Highly parallel workload: image gamma correction

Highly parallel workload: image gamma correction#

A GPU typically has thousands of computing cores that run in parallel. These cores are best utilized when each calculates one partition of the output results so that they do not need to communicate with other cores. Such algorithms are often classified as “embarrassingly parallel,” as the required programming effort is minimal. In the earlier vector_add example (see SAXPY Tutorial - Hello HIP), you identified an embarrassingly parallel workload example. In this section, you will explore another one: image gamma correction.

Computational challenges in pixel-wise operations#

Original — Image gamma correction algorithm. A gamma value smaller than one renders the image more brightly, whereas a value greater than one renders a darker image.#

Gamma = 0.4 — Image gamma correction algorithm. A gamma value smaller than one renders the image more brightly, whereas a value greater than one renders a darker image.#

Image gamma correction is a common image processing algorithm that adjusts the brightness of an image without changing the content.

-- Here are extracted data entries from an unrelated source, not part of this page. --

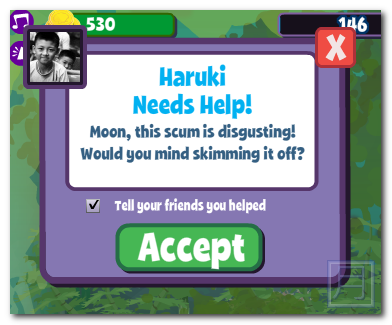 ▼ 每日拜訪朋友家會出現這樣的跳窗,按「Accept」可幫忙朋友,即可取得獎勵與金幣唷。
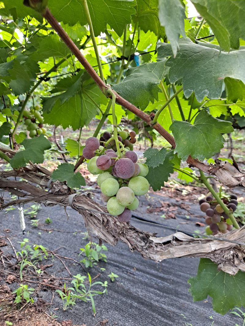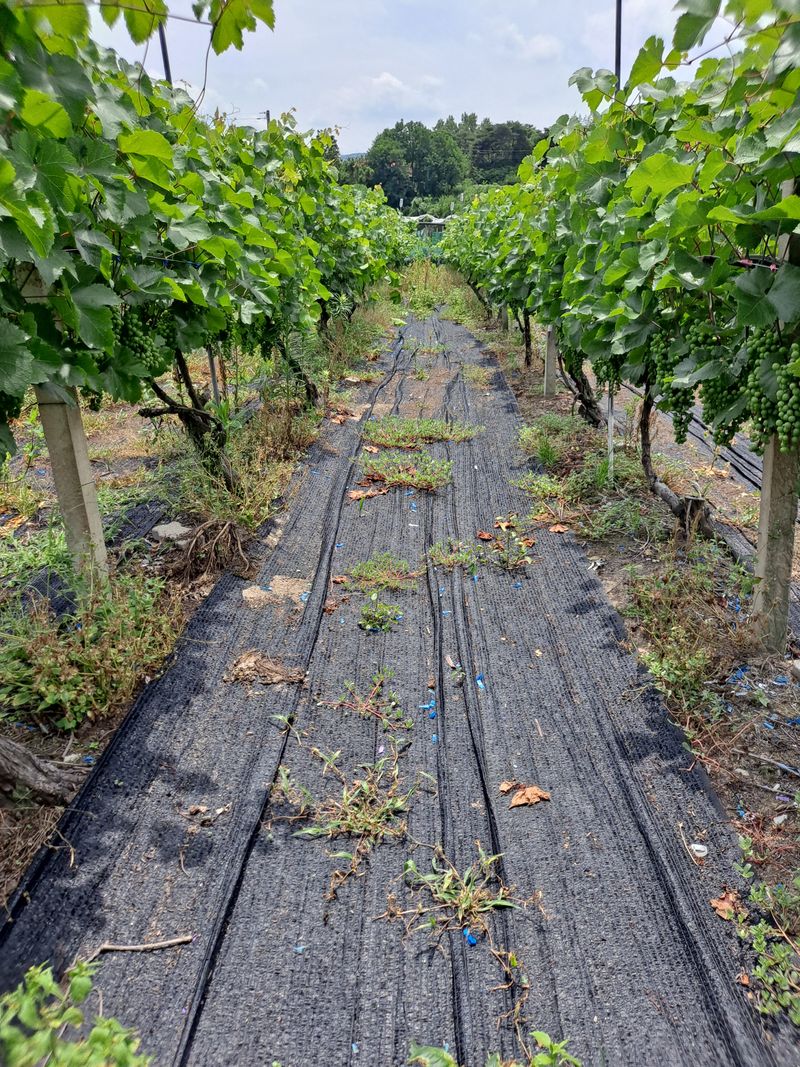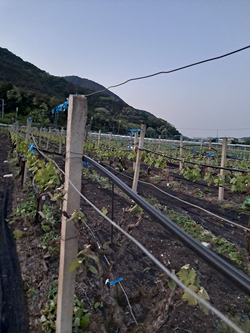 신초 정리 거봉밭, 머루,선샤인 관수 2시간.배수 잘 안되는 곳 3군데 있음 ,샤인1고랑줄머루 못밑 1고랑 오전6:20~8:20 7:10~9:30 관수 했는데 오전 12시~1시 사이 소나기 옴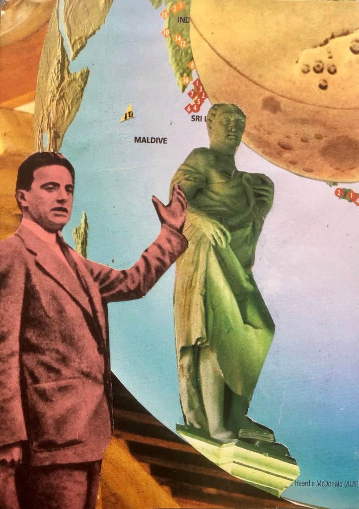 Series of collages made in Lecce and Bari after I found some books on a street market in Lecce, Two of them where from the sixties and showed history made clear for youngsters. But with a remarkable interest for Russia and communism. Probably propaganda material from Russia. Many images were of poor quality but therefore interesting and funny.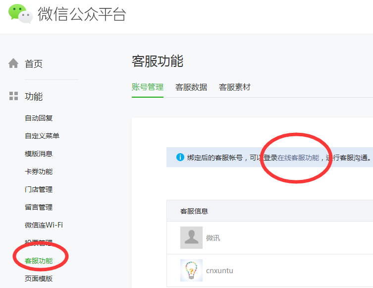 需要使用微信客服功能,首先需要到公众平台去开通客服功能,客服功能可以在公众平台-插件库-客服功能里申请开通。开通后就可以在公众平台中找到客服功能了。(下图)

As shown in the figure above, when you apply a gamma value of less than one, the image becomes brighter, whereas a value greater than one darkens it.

Pictures stored on a computer are typically encoded using pixels (see figure below), which are square regions of an image that are each rendered with a single color. For example, the images used in the figures above and below have 267 (width) × 267 (height) pixels total. If the image is in color, three values representing red, green, and blue (RGB) would be required for each pixel to represent the brightness. Brightness is coded using an 8-bit integer [0–255], where zero represents the darkest shade, and 255 represents the brightest. The other key method uses a floating-point number between zero and one. The red brightness values of all pixels comprise the “red channel”. A colored image typically has three channels (RGB).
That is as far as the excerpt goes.